In another test, I showed ChatGPT a series of stuffed animals and asked it to stop me when it saw a shark. When the shark came, ChatGPT didn’t say anything. Later, after I’d shown ChatGPT all the animals, I asked which animals it had seen. ChatGPT was able to list the animals in the correct order—including the shark—so it had clearly been “paying attention” in some sense. But the app seems to be designed to only speak after being spoken to.

ChatGPT is very bad at navigation

Based on my experience with other vision-enabled chatbots, I didn’t expect ChatGPT to be very good at spatial reasoning. For example, none of the LLMs I’ve tested are able to solve simple hand-drawn mazes. Still, I was surprised at just how clueless ChatGPT is about spatial relationships when Advanced Voice Mode is enabled:

I activated ChatGPT in an office and asked it to help me find the men’s bathroom. Then I walked down the hall. Unsurprisingly it didn’t say anything as we passed the men’s bathroom. I got to the end of a hallway, turned right, and walked another 40 feet, passing a couple of offices on the way.

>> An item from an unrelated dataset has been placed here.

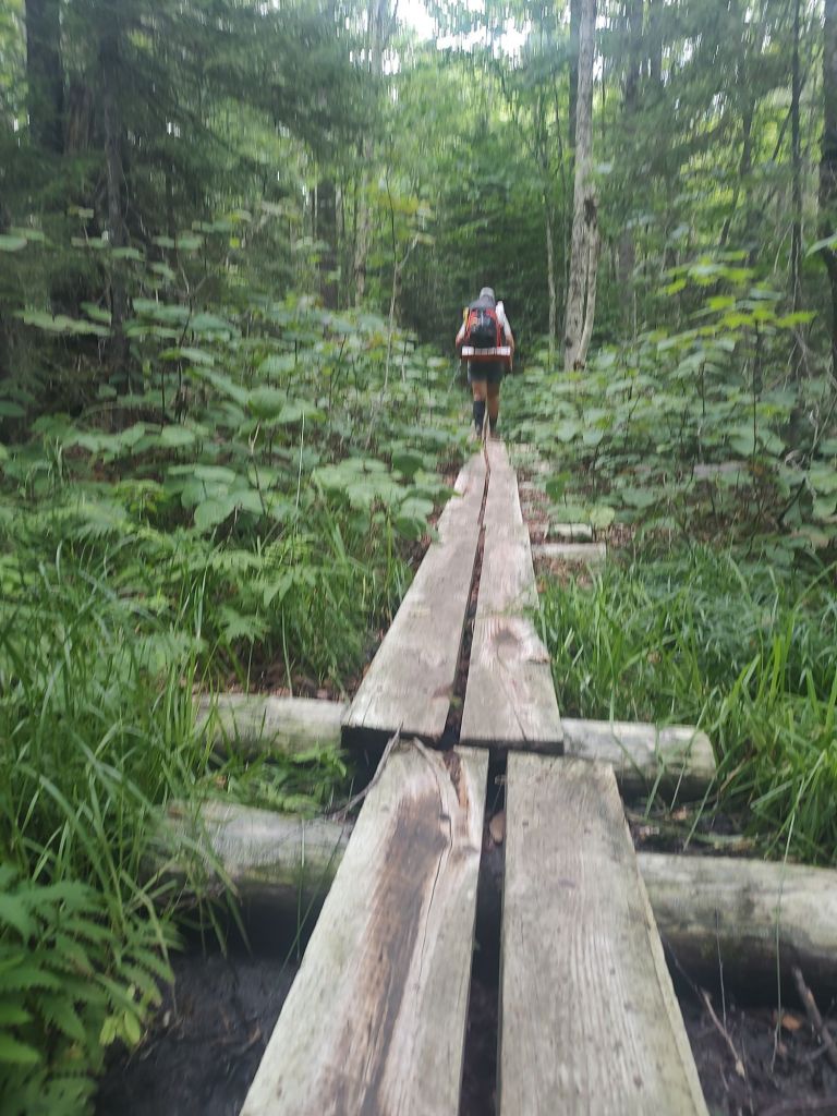 It poured ALL night long. We are so glad we made the decision to motel it last night. I’m pretty sure we would have been wetted out and fairly miserable. It was a bit of a late start, as one can’t pass up a continental breakfast or a ride back to trail. Not to mention, I awoke to looking like a Unicorn. Apparently, a mosquito got me smack dab in the upper forehead. This is gonna make pulling down my hat brim a little uncomfortable.

Then I asked ChatGPT if it had seen the men’s bathroom.

“Yes, I can see the sign now,” ChatGPT said. “The men’s restroom is right there on the right.”

I turned to the right and pointed the camera at a random office. “You mean like here?”

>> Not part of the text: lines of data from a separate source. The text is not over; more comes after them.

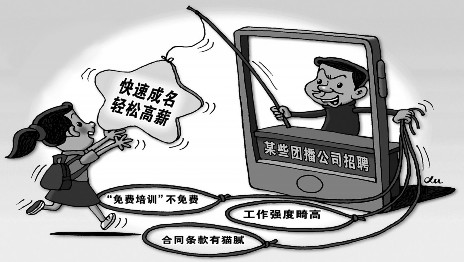 “高薪”是许多团播公司招聘时的宣传口号,但记者调查发现,所谓的“高薪”背后藏着“免费培训”不免费、合同条款有猫腻、工作强度畸高等许多陷阱。新华社发徐骏/作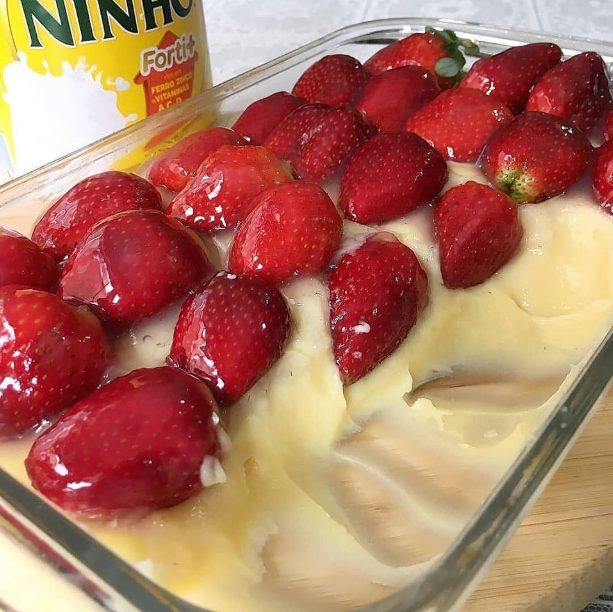 Misture a gema com o amido de milho mexa bem, adicione todos os ingredientes na panela (menos os morangos) em fogo baixo, e mexa até ficar um creme bem liso, demora uns 10 minutos. Depois desligue o fogo e deixe esfriar. Depois de frio coloque o creme em uma travessa pequena e coloque os morangos inteiros ou picados por cima, deixe gelar por 5 minutos e sirva!
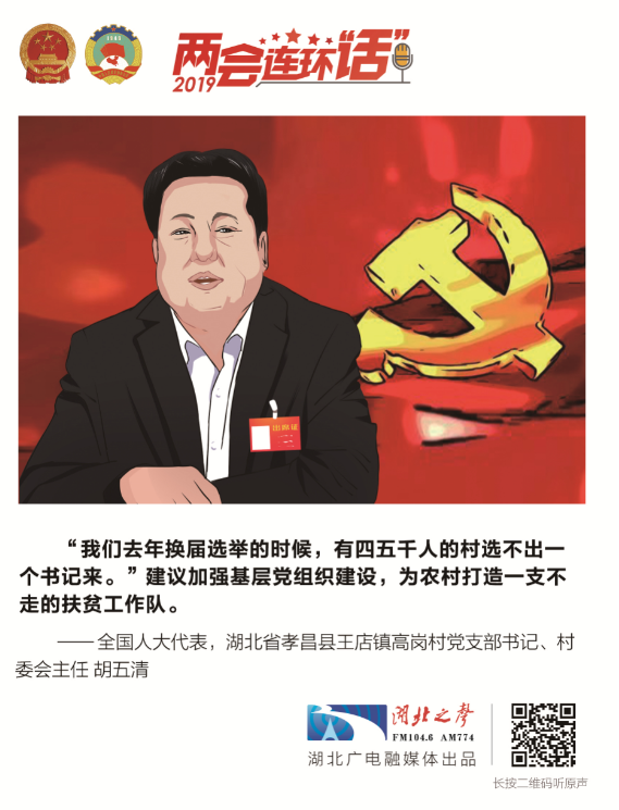 “我们去年换届选举的时候,有四五千人的村选不出一个书记来。”建议加强基层党组织建设,为农村打造一支不走的扶贫工作队。

“Yes, exactly. That door right there should be the men’s restroom.”

This doesn’t really look like a bathroom.

I pointed out that it didn’t look like a restroom and she suggested that it “might be a multi-purpose room.”

I started walking back toward where the restroom actually was and asked ChatGPT if I was headed in the right direction.

“Just keep going straight down the hall and you should see the restroom sign on your left,” she said.

There were two problems with this:

The hallway was about to turn to the left—continuing straight would have meant running into a glass panel.
Once we reached the restroom, it was going to be on the right, not the left.

ChatGPT insisted that I should walk straight toward the window. Then, as I approached the bathroom, ChatGPT wrongly insisted that the bathroom would be on the left. Even after the bathroom sign became clearly visible on the right-hand side of the screen, ChatGPT told me it was “right there on your left.”

“Are you sure it’s not on my right?” I asked.

“No, it’s definitely on your left.”

ChatGPT has always struggled to distinguish between left and right. One of the first questions I ever asked the original ChatGPT, in December 2022, was to give me driving directions from my home in Washington DC to a nearby landmark. ChatGPT, then powered by GPT-3.5, was able to (mostly) list the right streets in (mostly) the right order. But its decisions about whether to turn left or right were hardly better than a coin flip, making the directions useless.

More navigation silliness

ChatGPT also seems really bad at another thing that comes naturally to people: understanding how people are moving based on a video feed. In another test I stood on the second floor of my house and asked for directions to my daughter Alice’s room. This should have been easy because her name was visible above the door. ChatGPT correctly instructed me to head straight down the hallway. Instead, I turned slightly to the right and headed down the stairs.

“Am I going the right way?” I asked.

“Yes, you’re doing great,” ChatGPT responded.

In fact, I wasn’t doing great—I was going down the stairs, away from Alice’s room. This would have been obvious to a human being, but ChatGPT didn’t notice I’d gotten off track. At the bottom of the stairs I asked where to go next. “Alice’s room is just down that hallway,” ChatGPT said, seemingly not aware that I’d gone down a flight of stairs.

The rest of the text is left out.